To delve deeper into the comparative analysis of dFC patterns between the HC group and other groups, ADHD, BP, and SZ, we specifically examined ROI pairs with an effect size greater than 0.0035. These ROI pairs were further organized by brain networks, distinguishing between intra‐network connections (spanning DMN, CON, SDN, and FPN) and internetwork connections (including DMN‐CON, DMN‐SDN, DMN‐FPN, CON‐SDN, CON‐FPN, and SDN‐FPN). Additionally, the ROI pairs were categorized based on the mean values of their connectivity patterns as either hyper‐connectivity or hypoconnectivity. This classification was achieved by comparing the mean from the mean distribution of the HC group with the corresponding means from the mean distributions of the other groups. In cases where the mean of the other group, compared to the HC group, was greater, the ROI pair was characterized as demonstrating hyper‐connectivity. Conversely, if the mean was smaller, it indicated hypo‐connectivity. Table 5 summarizes the connectivity patterns between the HC group and other groups, ADHD, BP, and SZ of the ROI pairs, organized by brain networks.

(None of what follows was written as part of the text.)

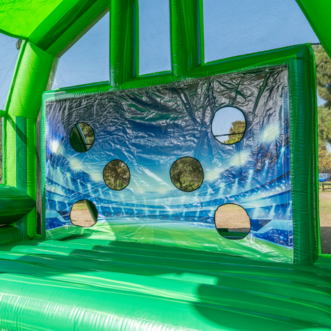 Level up your next event with our Soccer Goal 2-in-1 Trainer inflatable game—packed with high-energy, head-to-head competition for kids, teens, and adults. This interactive attraction lets two players compete at once, battling to score the most points by kicking soccer balls into specific goal zones. From school carnivals and field days to corporate events, fundraisers, church gatherings, and backyard parties, it’s an instant crowd-pleaser that brings out the fun, skill, and team spirit.

Both ADHD and SZ groups displayed substantial hyperconnectivity within the SDN‐FPN internetwork connections. Moreover, the SZ group showed the highest proportion of hyperconnectivity connections across all connections compared to the other two groups. Such distinctive dFC patterns linked with different mental disorders have the potential to function as biomarkers for differentiating individuals with distinct mental health conditions.

TABLE 5.

Connectivity patterns between the HC group and other groups, ADHD, BP, and SZ of the ROI pairs with an effect size greater than 0.0035, organized by brain networks.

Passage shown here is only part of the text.